**Problem requirements:**
When the data below is printed, every line must match exactly and the images must be absent.
Records provided section start
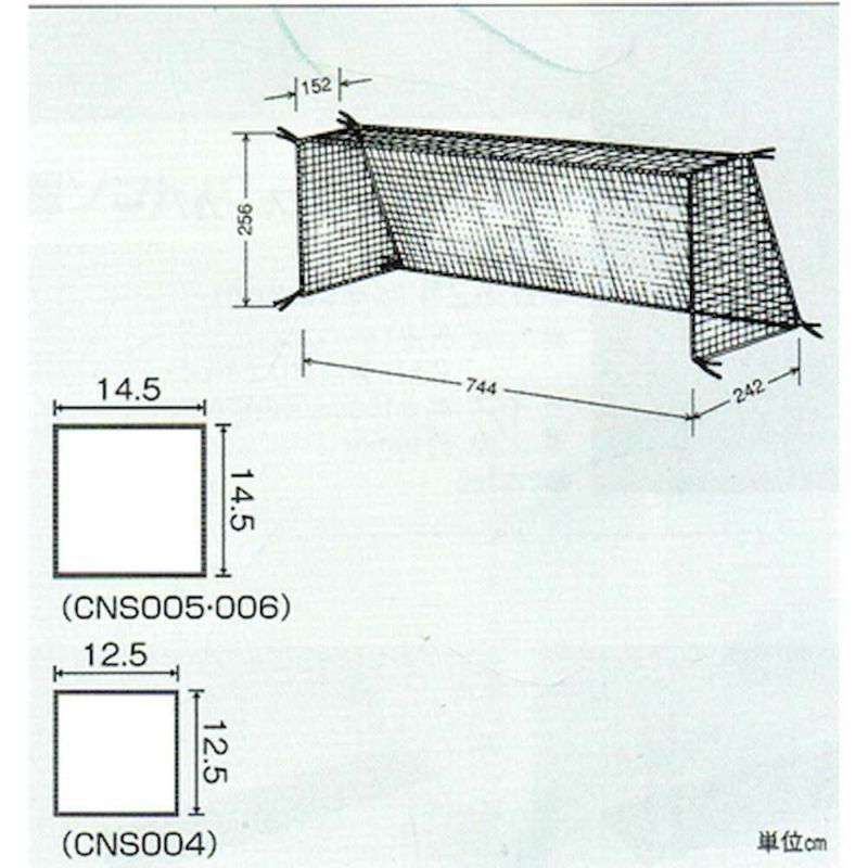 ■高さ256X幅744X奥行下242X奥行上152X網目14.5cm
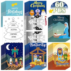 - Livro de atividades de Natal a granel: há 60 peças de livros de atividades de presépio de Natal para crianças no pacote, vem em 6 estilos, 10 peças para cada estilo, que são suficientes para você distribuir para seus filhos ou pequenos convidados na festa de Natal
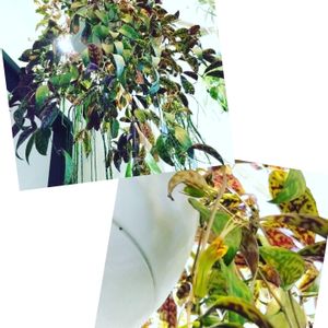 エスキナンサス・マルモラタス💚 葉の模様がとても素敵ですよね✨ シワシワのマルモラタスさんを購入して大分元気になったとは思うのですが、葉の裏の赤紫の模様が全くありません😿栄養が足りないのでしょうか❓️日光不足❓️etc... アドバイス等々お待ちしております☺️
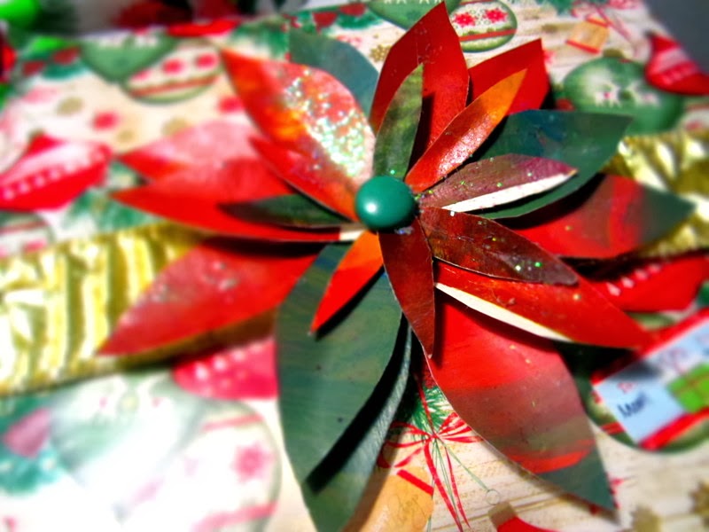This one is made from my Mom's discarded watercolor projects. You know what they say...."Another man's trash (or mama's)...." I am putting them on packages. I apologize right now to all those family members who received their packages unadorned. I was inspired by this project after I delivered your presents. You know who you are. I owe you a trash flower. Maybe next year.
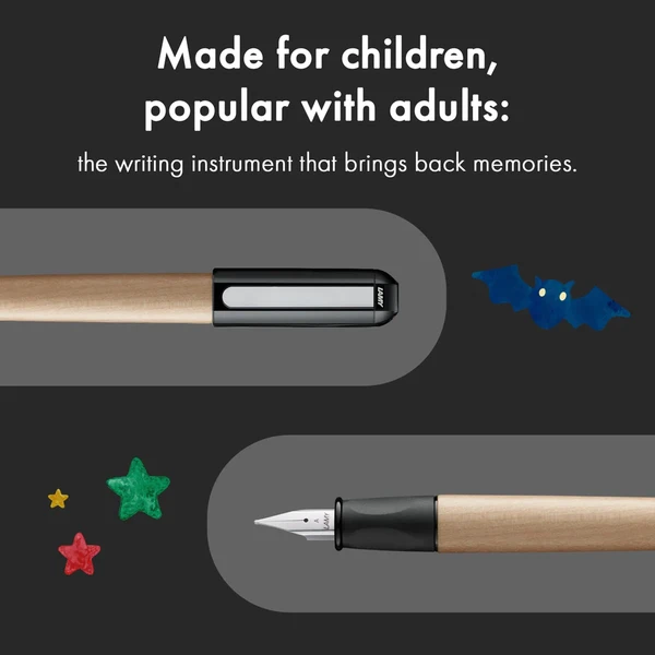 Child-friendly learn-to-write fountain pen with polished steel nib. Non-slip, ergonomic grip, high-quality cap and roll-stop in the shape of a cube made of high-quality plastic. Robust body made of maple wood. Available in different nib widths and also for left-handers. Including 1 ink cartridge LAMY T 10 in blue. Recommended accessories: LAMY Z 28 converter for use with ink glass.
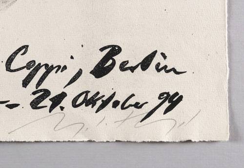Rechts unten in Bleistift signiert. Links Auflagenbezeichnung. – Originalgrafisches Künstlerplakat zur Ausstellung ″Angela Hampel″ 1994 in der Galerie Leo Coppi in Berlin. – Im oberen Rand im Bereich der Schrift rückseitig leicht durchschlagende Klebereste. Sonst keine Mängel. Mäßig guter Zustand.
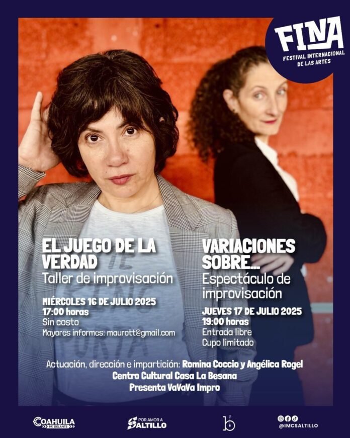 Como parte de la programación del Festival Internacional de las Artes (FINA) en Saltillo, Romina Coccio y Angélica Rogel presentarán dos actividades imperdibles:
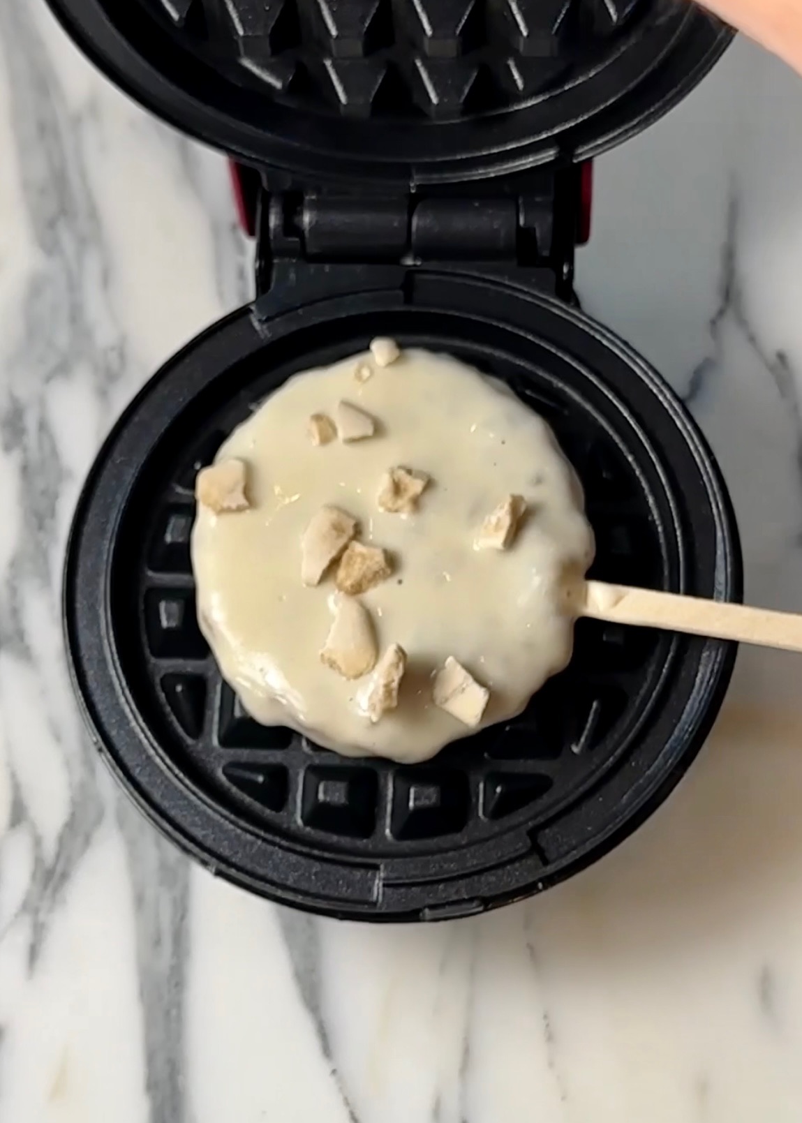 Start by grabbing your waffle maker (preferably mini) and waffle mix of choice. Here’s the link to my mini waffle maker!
Records provided section end
**Response below:**
 ■高さ256X幅744X奥行下242X奥行上152X網目14.5cm
 - Livro de atividades de Natal a granel: há 60 peças de livros de atividades de presépio de Natal para crianças no pacote, vem em 6 estilos, 10 peças para cada estilo, que são suficientes para você distribuir para seus filhos ou pequenos convidados na festa de Natal
 エスキナンサス・マルモラタス💚 葉の模様がとても素敵ですよね✨ シワシワのマルモラタスさんを購入して大分元気になったとは思うのですが、葉の裏の赤紫の模様が全くありません😿栄養が足りないのでしょうか❓️日光不足❓️etc... アドバイス等々お待ちしております☺️
This one is made from my Mom's discarded watercolor projects. You know what they say...."Another man's trash (or mama's)...." I am putting them on packages. I apologize right now to all those family members who received their packages unadorned. I was inspired by this project after I delivered your presents. You know who you are. I owe you a trash flower. Maybe next year.
 Child-friendly learn-to-write fountain pen with polished steel nib. Non-slip, ergonomic grip, high-quality cap and roll-stop in the shape of a cube made of high-quality plastic. Robust body made of maple wood. Available in different nib widths and also for left-handers. Including 1 ink cartridge LAMY T 10 in blue. Recommended accessories: LAMY Z 28 converter for use with ink glass.
Rechts unten in Bleistift signiert. Links Auflagenbezeichnung. – Originalgrafisches Künstlerplakat zur Ausstellung ″Angela Hampel″ 1994 in der Galerie Leo Coppi in Berlin. – Im oberen Rand im Bereich der Schrift rückseitig leicht durchschlagende Klebereste. Sonst keine Mängel. Mäßig guter Zustand.
 Como parte de la programación del Festival Internacional de las Artes (FINA) en Saltillo, Romina Coccio y Angélica Rogel presentarán dos actividades imperdibles:
 Start by grabbing your waffle maker (preferably mini) and waffle mix of choice. Here’s the link to my mini waffle maker!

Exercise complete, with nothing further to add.